Miedo a la belleza

Como si de El Ángel Exterminador se tratara, un atasco provocado por el gusto tan latino de ir y volver de vacaciones el mismo día y por las mismas rutas, un coche volcado en medio de la carretera y un GPS desactualizado quisieron apartarnos del último y oportuno descanso antes de tomar el avión que nos traería de vuelta a España. Italia nos había gustado, lo habíamos pasado bien recorriendo sus palacios, sus museos y sus iglesias, divisando paisajes que se mantienen verdes a pesar del verano y comprobando la elegancia de hombres y mujeres impecablemente vestidos para la ocasión, pero queríamos llegar al último destino, próximo al aeropuerto, y ver a nuestra selección ganar la Eurocopa degustando un delicioso bocadillo de mortadela.

 

En las salas de espera de los hospitales escasean los rostros bronceados por el sol y los vestuarios buscan atender antes la comodidad que la coquetería, aunque el consejo de las abuelas resuene y quepa esperar que la ropa interior de todos los que allí estamos esté en perfecto estado de revista. En sus asientos apenas se reparten sonrisas; en las paredes, desde luego, no hay «Botticellis» ni «Rafaeles», ni siquiera «Giottos». El turista medio, joven, será pronto el enfermo medio relativamente maduro, cada vez menos. El mundo envejece y enferma, todos nosotros envejecemos y enfermamos mientras el arte, ─el David, el Duomo de Milán o el mismo Ponte Vecchio─, se somete a continuas intervenciones quirúrgicas que lo mantienen inmortal y eternamente joven.

 

No faltó mucho para que nuestro aterrizaje en Barajas coincidiera con el de la selección. A nuestra salida ya se congregaba el gentío deseando dar la enhorabuena a los campeones. No se me pasó por la cabeza esperarlos a pesar del gran partido de la noche anterior.
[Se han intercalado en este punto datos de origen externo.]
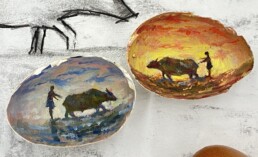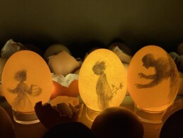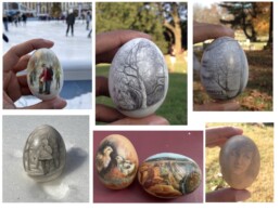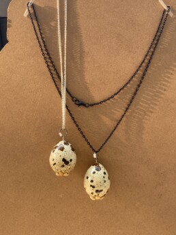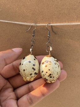 Musricul Anwar creates delicate handmade jewelry and miniature artworks using emptied quail and chicken eggshells. Each shell is carefully treated to enhance its strength while preserving its natural fragility. His work features intricate paintings and organic adornments like coriander seeds, reflecting themes of sustainability, transformation, and the beauty found in impermanence.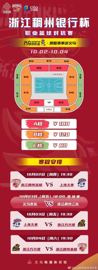 义乌好好逛·跟着赛事游义乌-“浙江稠州银行杯”职业篮球对抗赛将于2025年10月2日-4日在义乌梅湖体育馆举行。在欢度国庆,喜迎中秋佳节之际,浙江稠州金租男篮将携手@浙江广厦篮球俱乐部 、@上海久事大鲨鱼官方微博 展开精彩较量。这也是三支球队在经过新赛季注册期人员调整后的首次亮相。

Aquí también diferencio al artista de la obra y estos tíos, que me parecen magníficos en un terreno de juego, no dejan de parecerme corrientes, por no decir vulgares, con un micrófono en la mano, lejos de su hábitat natural. A los futbolistas, a los deportistas en general, también a los artistas, me gusta verlos trabajando. Pagaría un alto precio por una entrada de un gran espectáculo deportivo o musical, pero no haría un segundo de cola por verlos festejar sus éxitos, por verlos subidos a un púlpito, alzando un altavoz e intentando suplantar a los grandes maestros de la retórica y la oratoria que, aunque ellos lo ignoren, también dedicaron los mejores años de su vida al estudio, al entrenamiento.

 

El único riesgo que corre la belleza es que su contemplación se vuelva competitiva y se atenga, como ya sucede, a las leyes que rigen la contienda deportiva o la disputa política, aunque, en honor a la verdad, esto siempre fue así. La masificación conduce a la banalización y esta al hastío. El ideal se reproduce con tanta facilidad que por el margen van cayendo obras de un valor incalculable que quedan destinadas a un, tal vez feliz, anonimato a la espera de que alguien con poder e influencia las rescate y redefina como fantásticas y exclusivas. En cada pieza o estancia de un museo o una iglesia, conviene mirar al marco más pequeño y peor iluminado.

 

Miento, hay otro riesgo y este me afecta personalmente. No es el envejecimiento de las células y los tejidos, la flacidez de los músculos, el debilitamiento de los huesos, aunque todo pueda estar relacionado: es el languidecer del entusiasmo, la ceguera crónica y previa al desencanto y la decadencia personal no siempre ligada a la depresión, sino también aprendida por la vía de la rutina o la costumbre. Temo que esto me suceda, no tanto como consecuencia de la desmemoria y el olvido, sino, al contrario, por no poder aparcar el dolor de tanto ser querido dado a la fuga, por no poder descifrar tanto estímulo percibido y no asimilado, por ser incapaz de renovar mis lentes y mirarlo todo de nuevo.

 

Por eso al regreso a España, al recuerdo del viaje a Italia, no le pido nostalgia de lo vivido, ni siquiera cuadros mentales que enmarquen las deslumbrantes vistas que nos han regalado la Lombardía, el Véneto o la Toscana. Solo deseo resistencia, sí, resistencia: que se mantengan firme el pulso y el aliento, que siga joven la mirada, aunque mis piernas cansadas no puedan perseguir la belleza por colinas alzadas al cielo o por valles que tientan a salir a los guardianes del averno. Solo pido que todo lo vivido regrese sereno, no abundante y colorido, mejor en un discreto blanco y negro que permita desviar la vista a los márgenes, reconocer nuevos detalles, cerrar los ojos en paz si esto fuera necesario.